## Source data
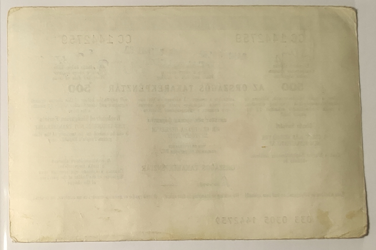 Дорожній чек PRL на 500 угорських форинтів, форинт 1981 року, серія CC
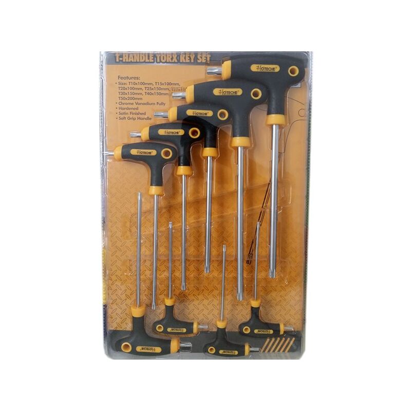 Nuovissimo set di chiavini torx con foro modello a T a due teste. Ideali per il campo professionale che per il fai da te. I chiavini sono realizzati in acciaio cromo vanadio per una lunga resistenza e con una pratica impugnatura Ideale per professionisti ma anche per amanti del fai da te. Realizzati in lega di acciaio cromo vanadio, molto resistenteCaratteristiche tecnicheSet chiavini Tox a T a due testeMateriale: Acciaio cromo vanadio satinatoChiavini da: T10x100/T15x100/T20x100/T25x150/T27x150/T30x150/T40x150/T45x200/T50x200 mmIdeale per professionisti ma anche per amanti del fai da te. Realizzati in lega di acciaio resistente
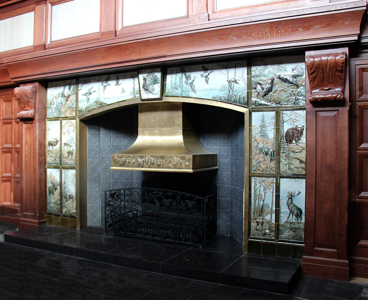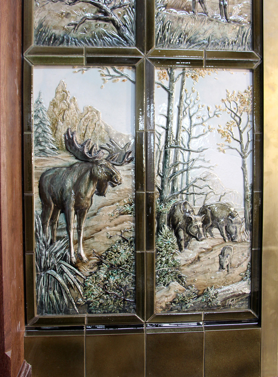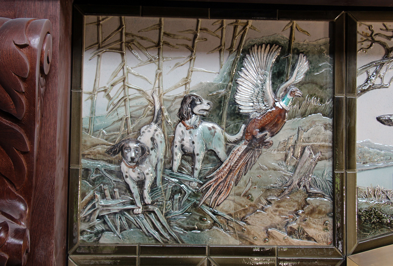 Изразцовый камин был выполнен для загородного дома с охотничьими угодьями, расположенного в живописных лесных пейзажах, которые стали центральной темой в оформлении камина.
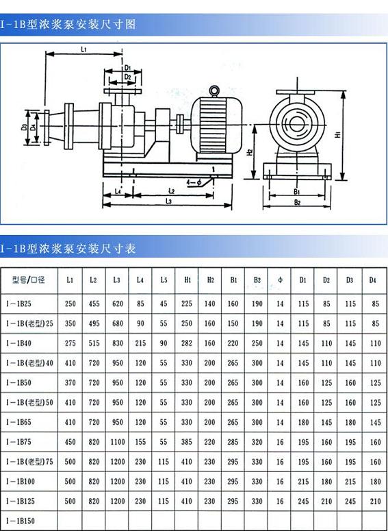 I-1B系列濃漿泵(結(jié)構(gòu)圖) I-1B系列濃漿泵(安裝尺寸):

## Work to be completed
In the data above, the line containing "Nuovissimo set di" and all lines after it are to be reproduced exactly, leaving out the pictures.

## Solution to this problem
 Nuovissimo set di chiavini torx con foro modello a T a due teste. Ideali per il campo professionale che per il fai da te. I chiavini sono realizzati in acciaio cromo vanadio per una lunga resistenza e con una pratica impugnatura Ideale per professionisti ma anche per amanti del fai da te. Realizzati in lega di acciaio cromo vanadio, molto resistenteCaratteristiche tecnicheSet chiavini Tox a T a due testeMateriale: Acciaio cromo vanadio satinatoChiavini da: T10x100/T15x100/T20x100/T25x150/T27x150/T30x150/T40x150/T45x200/T50x200 mmIdeale per professionisti ma anche per amanti del fai da te. Realizzati in lega di acciaio resistente
 Изразцовый камин был выполнен для загородного дома с охотничьими угодьями, расположенного в живописных лесных пейзажах, которые стали центральной темой в оформлении камина.
 I-1B系列濃漿泵(結(jié)構(gòu)圖) I-1B系列濃漿泵(安裝尺寸):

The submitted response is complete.